1707 Italian-language opera about Hercules by Antonia Bembo

Ercole amante (Hercules in Love) is an 18th-century Italian-language opera in five acts. It was composed in France in 1707 by Antonia Bembo with a libretto by Francesco Buti. Bembo reused Buti's libretto from Francesco Cavalli's 1662 opera of the same name. The libretto is based on stories of Hercules from Sophocles's Women of Trachis, Ovid's Metamorphoses, Pseudo-Apollodorus's Bibliotheca, and Seneca's Hercules Oetaeus.

The opera was first performed in Stuttgart in 2023 in a concert version. Ars Minerva plans to give the first staged performance in San Francisco in November 2025. The Paris Opera is scheduled to perform Ercole in May 2026.

==Synopsis==
Setting: Mythological ancient Greece

Ercole loves Iole, who is in love with his son Hyllo. Venere tries to help Ercole by casting a spell on Iole, but Giunone opposes them. Iole, seeking revenge for her father’s death, tries to kill Ercole, but he mistakes Hyllo as the attacker. Dejanira pleads for Hyllo, and Iole agrees to accept Ercole if he spares her beloved. Hyllo, despairing, attempts suicide but is saved by Nettuno. Iole and Dejanira believe Hyllo dead. Iole's father’s ghost appears, warning Iole she should not marry Ercole.Venere, however, uses an enchanted chair to make Iole feel affection for Ercole. Meanwhile, Licco has Iole give Ercole a poisoned shirt, which kills him. Giunone triumphs, reuniting Hyllo and Iole.

===Act I===
Ercole (Hercules) has defeated the Kingdom of Oechalia and killed its ruler, Eutyro. Ercole loves Eutyro's daughter Iole, but she is betrothed to Ercole's son Hyllo. Venere (Venus), goddess of love, arrives with the Graces and decides to help Ercole win Iole by casting a spell on her. Hearing of Venere's work, the goddess Giunone (Juno) decides to thwart Venere and Ercole.

===Act II===
The lovers Hyllo and Iole learn of Ercole's interest in her. Giunone sings that she will stop Venere. Pasithea, one of the Graces, goes to the cave of Sleep to seek his help in Venere's plans.

===Act III===
Ercole is in a deep slumber. Iole moves to kill Ercole, seeking to avenge her father. Ercole is awakened by the god Mercurio (Mercury). Ercole believes Hyllo was trying to kill him and wants his son dead. Dejanira, Ercole's wife, pleads for their son. Iole promises she will accept Ercole if he will spare Hyllo. Ercole exiles his wife and orders Hyllo confined to a tower overlooking the ocean.

===Act IV===
Hyllo jumps from his tower into the sea intending suicide. But Giunone calls upon Nettuno (Neptune), god of the sea, to save Hyllo. Iole and Dejanira do not know of the gods' intervention and believe Hyllo dead. They go to the grave of Iole's father. Eutyro's ghost appears, warning Iole she should not marry Ercole. Venere continues her schemes by creating an enchanted chair. When Iole sits in it, she feels affection for Ercole.

===Act V===
In Hades, Eutyro and the other victims of Ercole sing. Licco, a servant of Dejanira, plots to disrupt the wedding. At Licco's behest, Iole offers Ercole a shirt soaked in the blood of the centaur Nessus, who Ercole had killed. Ercole is poisoned by the shirt and dies. Giunone appears, triumphant, with Hyllo. He reunites with Iole. Ercole ascends to Heaven and marries Beauty.

==Composition==

Venice in 1636

Antonia Bembo was born in the Republic of Venice circa 1640. She had voice lessons from Francesco Cavalli in Venice in the 1650s and may also have studied composition under him. Around 1676, she fled Venice to escape an abusive marriage and settled in Paris. King Louis XIV heard her sing and awarded a pension. She lived at the convent at the Church of Notre-Dame-de-Bonne-Nouvelle.

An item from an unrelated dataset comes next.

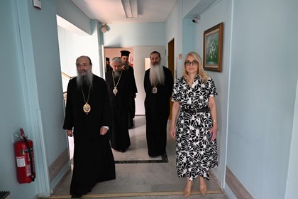 Ακολούθησε επίσημη επίσκεψη των Σεβασμιωτάτων Μητροπολιτών στο Ίδρυμα, όπου ξεναγήθηκαν στους χώρους και ενημερώθηκαν για τη συνέχεια του έργου που ο Μακαριστός Πρόεδρος και Πνευματικός Πατέρας του τόπου μας οραματίστηκε και θεμελίωσε με κόπο, πίστη και αγάπη.

Bembo's surviving works date from the 1690s and 1700s. "Bembo's compositions sometimes sound thoroughly French, at other times purely Italian. Not infrequently, she deploys both styles in one work and even tries to merge them." In this Bembo was like her contemporaries Paolo Lorenzani and Theobaldo di Gatti–two other Italian musicians working in Paris under the patronage of Louis XIV.

In 1707, she completed her new version of Ercole amante, using Francesco Buti's libretto from Cavalli's 1662 opera of the same name. It had been commissioned by Cardinal Mazarin to celebrate Louis XIV's marriage (June 9, 1660) to Maria Theresa of Spain, but the death of Mazarin (March 9, 1661) and delays in constructing a new theater (Théâtre des Tuileries) meant Cavalli's opera was not performed until February 1662. Buti's libretto was available to Bembo as it had been published the year of its premiere by the king's music publishers, the Ballard firm, with the Italian lyrics and a French translation on facing pages. Forty-five years later, Bembo dedicated her version to Louis XIV–Marie Theresa had died in 1683–who had been referred to as the "Hercule Gaulois" ("the French Hercules").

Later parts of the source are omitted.